This project focused primarily on designing scalable verification techniques for power and energy system applications. On this theme, this project advanced multiple new methodologies for analyzing ML models relative to ground truth (i.e. known) grid physics. A key enabling methodology which we pioneered, termed Sequential Targeted Tightening (STT), leverages a loosely convexified reformulation of the original verification problem, which is a nonconvex mixed integer quadratic program (MIQP). Using the sequential addition of targeted cuts, we showed how we can iteratively tighten our formulation until either the solution is sufficiently tight or a satisfactory performance guarantee has been generated. After learning neural network models of the 14, 57, 118, and 200-bus PGLib test cases, we compared the performance guarantees generated by our STT procedure with ones generated by a state-of-the-art MIQP solver, Gurobi 9.5. We showed that STT often generates performance guarantees which are orders of magnitude tighter than the MIQP upper bound.
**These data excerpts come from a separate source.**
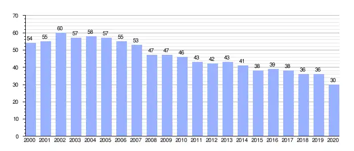 | Gráfica de evolución demográfica de Santa Eugenia[2] entre 2000 y 2020 |
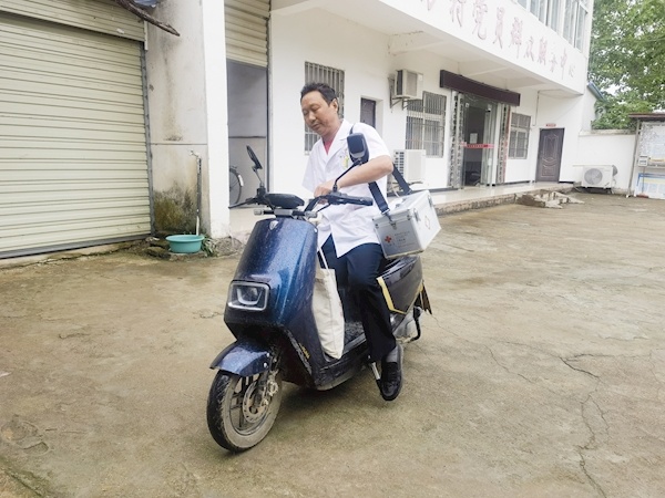 到村民家的路,几十年来他早已记得烂熟,甚至晚上、下雨天,他也能准确及时地赶到。他一共骑坏了11辆自行车、一辆残疾人电动车,现在的这辆电动车是去年随县退役军人事务局送给他的,继续陪着他行医。
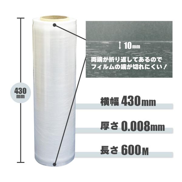 ストレッチフィルム エッジ強化タイプ 透明 450mm幅x600m 8μ 6本 STR-450-08E サンキョウプラテック
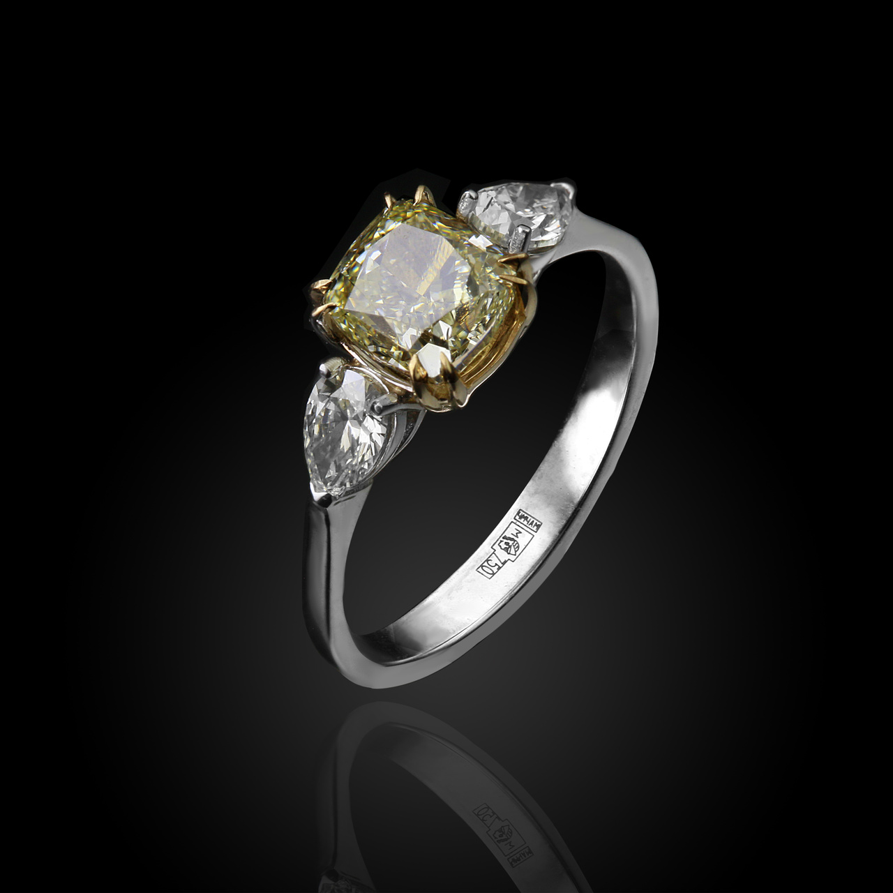 Центральный бриллиант весом 1,5 карат, цвет Fancy Light Yellow, чистота VS2 (5)

A complementary verification approach, built on advanced solvers from the ML community, enabled the simultaneous verification of multiple verification problems (e.g. checking for the violation of all line flow constraints simultaneously and not by solving individual verification problems). For that, we introduced an exact transformation that converts the "worst-case" violation across a set of potential violations to a series of ReLU-based layers that augment the original neural network. This allows verifiers to interpret these outputs directly directly. Additionally, since power system ML models often must be verified to satisfy power flow constraints, we proposed a dualization procedure which encodes linear equality and inequality constraints directly into the verification problem; and in a manner which is mathematically consistent with the specialized verification tools. To demonstrate these innovations, we verified problems associated with data-driven security constrained DC-OPF solvers. We built and tested our first set of innovations using the α,β-CROWN solver, and we benchmarked against Gurobi 10.0. Our contributions achieved a speedup that can exceed 100x and allow higher degrees of verification flexibility.
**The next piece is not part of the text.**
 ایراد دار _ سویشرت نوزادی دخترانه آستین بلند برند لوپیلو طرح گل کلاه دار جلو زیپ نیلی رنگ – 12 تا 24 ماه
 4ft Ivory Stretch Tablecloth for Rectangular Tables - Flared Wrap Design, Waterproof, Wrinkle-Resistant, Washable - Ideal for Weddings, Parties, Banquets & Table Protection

On top of verification, this project also designed scalable techniques to collect high-fidelity, maximally representative training data for ML model construction. To that end, we designed two key new approaches. In the first approach, we performed a systematic investigation into the various nonlinear objective functions which can be used to explore the feasible space associated with the optimal power flow (OPF) problem. A total of 40 nonlinear objective functions were tested, and their results were compared to the data generated by a novel exhaustive rejection sampling routine. The Hausdorff distance, which is a min-max set dissimilarity metric, was then used to assess how well each nonlinear objective function performed (i.e. how well the tested objective functions were able to explore the nonconvex power flow space). Exhaustive test results were collected from five PGLib test-cases and systematically analyzed. In the second approach, using bilevel optimization, we introduced a data collection routine that sequentially solves for optimal power flow solutions which are “optimally far” from previously acquired voltage, power, and load profile data points. The routine, termed RAMBO, samples critical data close to a system’s boundaries much more effectively than a random sampling benchmark. Simulated test results were collected on the 30-, 57-, and 118-bus PGLib test cases.